Visiting Downpatrick felt much different than visiting Kilmainham Gaol. I drastically stuck out here with my AC/DC t-shirt and short hairstyle. I felt like just another American visiting Ireland. Just another one “tracing back her heritage,” which, the more I thought about it, seemed like a silly notion.
In Downpatrick, I finally faced an obvious truth about my family’s history: hundreds of years ago, the McGinnises left Ireland. They left. Ireland wasn’t my home because it wasn’t theirs either.

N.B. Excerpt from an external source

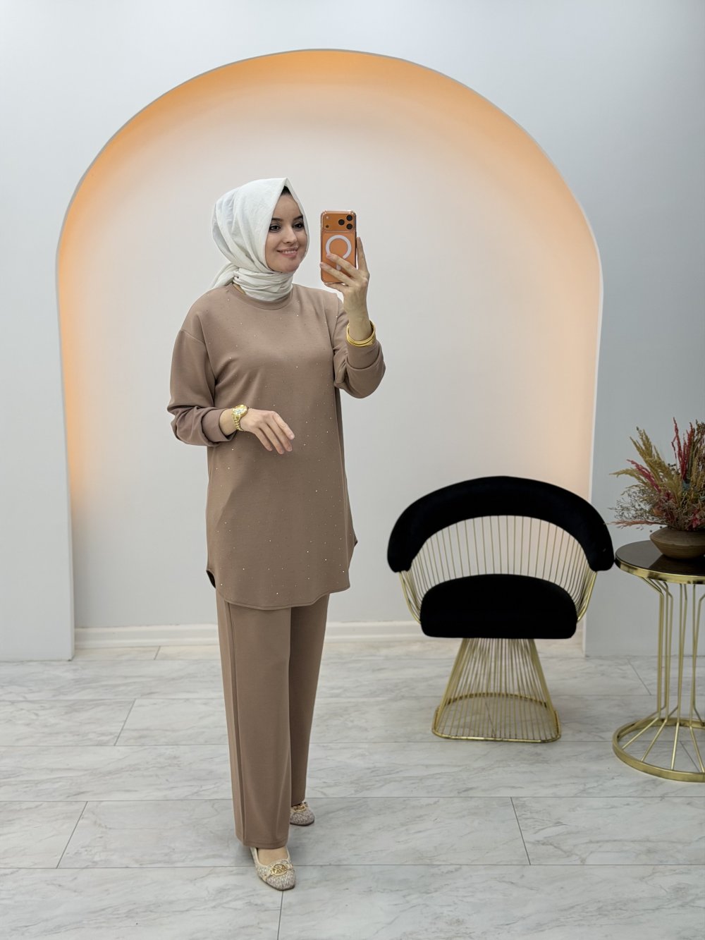 Linda Taşlı Takım Sütlü Kahve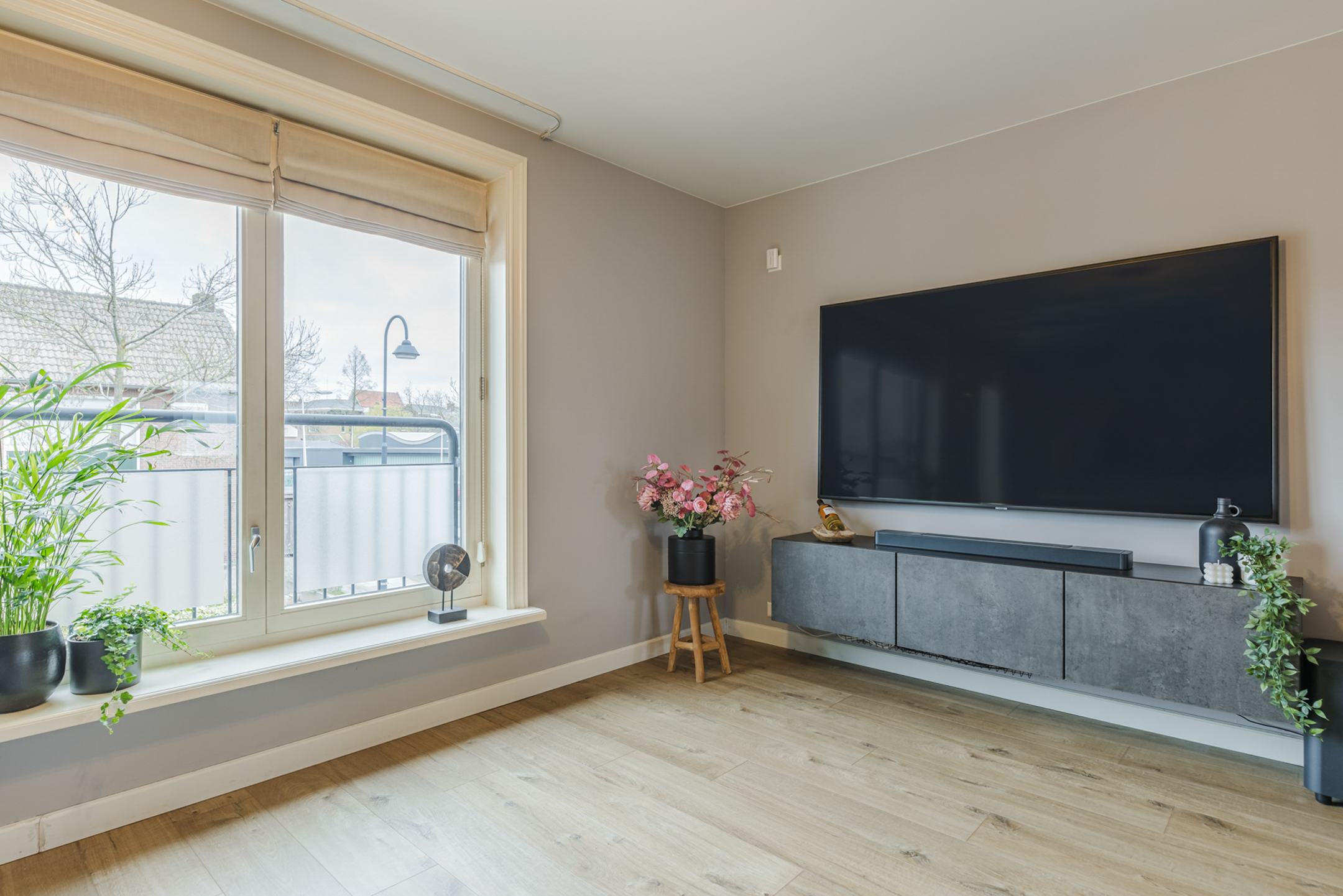 • Lichte en gezellige woonkamer op de eerste verdieping met Frans balkon en een fraaie PVC vloer met vloerverwarming

To pretend otherwise would be to betray their choice to come to America for a better life.
Once I realized this, I spent the rest of my weekend in Downpatrick like any American tourist would. I paid my respects at Saint Patrick’s grave and had a drink at a local pub. I attended a theatrical production of Melmoth the Wanderer, an Irish legend about a man who sells his soul to the Devil to live for 150 extra years. The catch: he must find someone to take over his burden of extended life, to haunt the world in his stead. It felt strangely appropriate. He, like I, was a wanderer who did not find meaning where expected.
Throughout my travels, most Irish people I met seemed fine with Americans visiting ancestral homes. They weren’t offended by me coming back to learn about my heritage. But being truly Irish means more than finding a grave with your surname. It’s the pride you feel when you say you’re from Cork, Belfast, or anywhere else on the island. Being Irish is having a connection to the land from whence you came and knowing you can always go home. I never felt the longing for Ireland I saw in the eyes of my Irish friends when they described where they grew up. That was the difference between us.
The next morning, I left Downpatrick. It was time to go back to Dublin. To continue on, as we McGinnises do.